The point is that players can be ready no matter their age. Rajon Rondo was a starting point guard on a championship team in his sophomore season. Danny Green will probably start on championship teams into his 40s. Championship windows, if they exist, are propped open by individual skills and their complex enmeshing, not by time. 

Folk - On the court

This could just as easily be about sequencing rather than timing, but for this case I think they’re more or less synonymous. And in this case, the Philadelphia 76ers case, the “oh this team has lots of great players, how will they share the ball” case: timing is imperative. The Sixers are now 3-0 with James Harden in the lineup, and they’re simultaneously maintaining Embiid’s MVP status and Tyrese Maxey’s ascension to stardom. Oh yeah, and max contract Tobias Harris is in the mix as well. Mouths to feed, everything is new, how do you do it in a way that puts you in winning situations? 

This might sound somewhat simplistic, but they’re relying on Harden, the new guy, to figure it out. He is the arbiter of whose time it is. Yes, the arbiter of time. When you have the seismic impact of either Harden or Embiid, your ability to break defenses isn’t reliant on beautiful set symmetry or clever misdirections on the weak-side. The exit screen to punish a tag, for example. These guys can run a simple ball screen and fuel a remarkable offense in doing so. That very access to easy baskets is what drove the advent of ‘Harden-ball’ in Houston. 

“This guy can score unlike anybody else in history, just let him try to do it more?”

Harden paired up with Chris Paul and they were the shepherds of one of the NBA’s greatest teams to never win a championship.

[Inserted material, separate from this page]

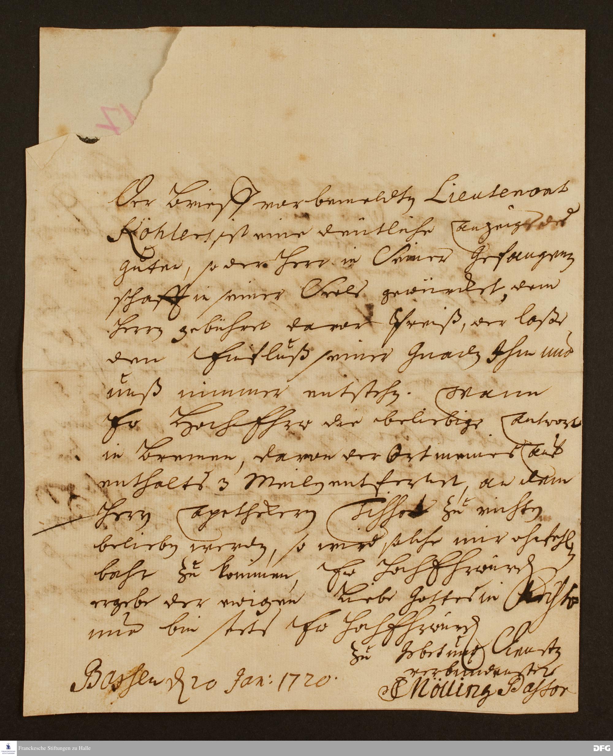 Brief von Christoph Jacob Mölling an August Hermann Francke.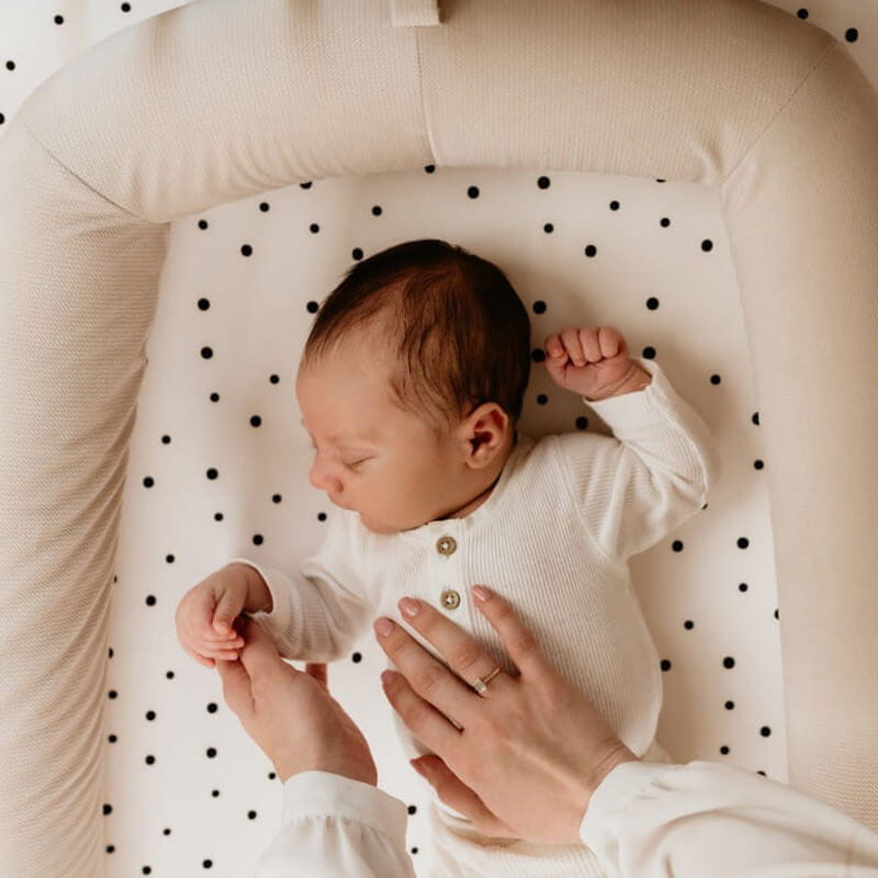 Wyjątkowo praktyczne gniazdko niemowlęce 3 w 1 łączy w sobie najważniejsze potrzeby maluszka: bezpieczne miejsce do snu, spokojne wyciszenie oraz pełen komfort i zabawę sensoryczną

Relationships frayed, Russell Westbrook came in, and a weakness was recognized on the Rockets. Harden wasn’t the arbiter of time, the defense was. They doubled him when he crossed half court, and signed off on playing 3-on-4 defense to avoid Harden’s sensational isolation stylings. It worked. And one of the most dominating on-ball presences decided he wanted to be insulated against that, and requested a trade away from Houston. He ended up in Brooklyn, fought through a significant hamstring injury in the playoffs, then found himself mired in all the controversy of the 21-22 Nets. Kyrie Irving the part time player, Kevin Durant injured - Harden didn’t want ‘Harden-ball’ again. 

So, here he is in Philadelphia, the arbiter of time, the author of their offense, and finding success for himself and others, at the right time. Maxey’s 21 second half points to help dispatch of the Nets came largely on second-side action after Harden tilted the defense in his favor. Maxey is rapid in every sense of the word, and giving him the option to attack off of Embiid and Harden’s incredible gravity is a death sentence. He’s had one 3-game stretch of scoring better than when Harden arrived. A scintillating stretch of 88 points on 58 shots. With Harden? 75 on 42. The efficiency is a little mind numbing. 

Embiid’s comments in regards to Harden are no doubt applicable for Maxey as well: “That was probably the most wide open I’ve ever been in my career. I had a lot of easy baskets. I used to have to work for everything.” 

The arbiter of time will continue to find it for himself and others.